# The Sinaitic Theophany



## Peairtach (Apr 12, 2013)

> For you have not come to what may be touched, a blazing fire and darkness and gloom and a tempest and the sound of a trumpet and a voice whose words made the hearers beg that no further messages be spoken to them. For they could not endure the order that was given, “If even a beast touches the mountain, it shall be stoned.” Indeed, so terrifying was the sight that Moses said, “I tremble with fear.” (hebrews 12:18-21)

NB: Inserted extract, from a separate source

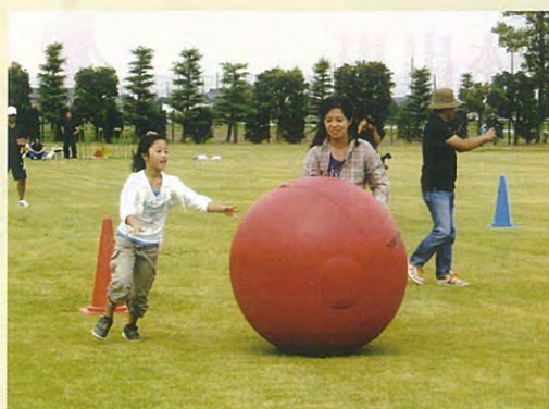
平成21年度体育祭 中玉ころがし

Was this terrifying theophany given because the Israelites had already broken the Covenant of Works in Adam, or because they were going to break a new Covenant of Works given to them through Moses?


----------



## A5pointer (Apr 12, 2013)

Sin brought on the transcendent separation characterized by terror to the sinful upon contact.


----------



## Peairtach (Apr 12, 2013)

I believe the theophany was given to teach the Israelites the distance there was between sinful man, even sinful man in the administration of the Covenant of Grace, and Holy God, but was interested to hear others' views.


----------



## A5pointer (Apr 12, 2013)

I think of the guys who mixed the incense wrong and Uzza, etc. a Vail of terror in the old.


----------



## Christusregnat (Apr 12, 2013)

Peairtach said:


> > For you have not come to what may be touched, a blazing fire and darkness and gloom and a tempest and the sound of a trumpet and a voice whose words made the hearers beg that no further messages be spoken to them. For they could not endure the order that was given, “If even a beast touches the mountain, it shall be stoned.” Indeed, so terrifying was the sight that Moses said, “I tremble with fear.” (hebrews 12:18-21)
> 
> 
> 
> Was this terrifying theophany given because the Israelites had already broken the Covenant of Works in Adam, or because they were going to break a new Covenant of Works given to them through Moses?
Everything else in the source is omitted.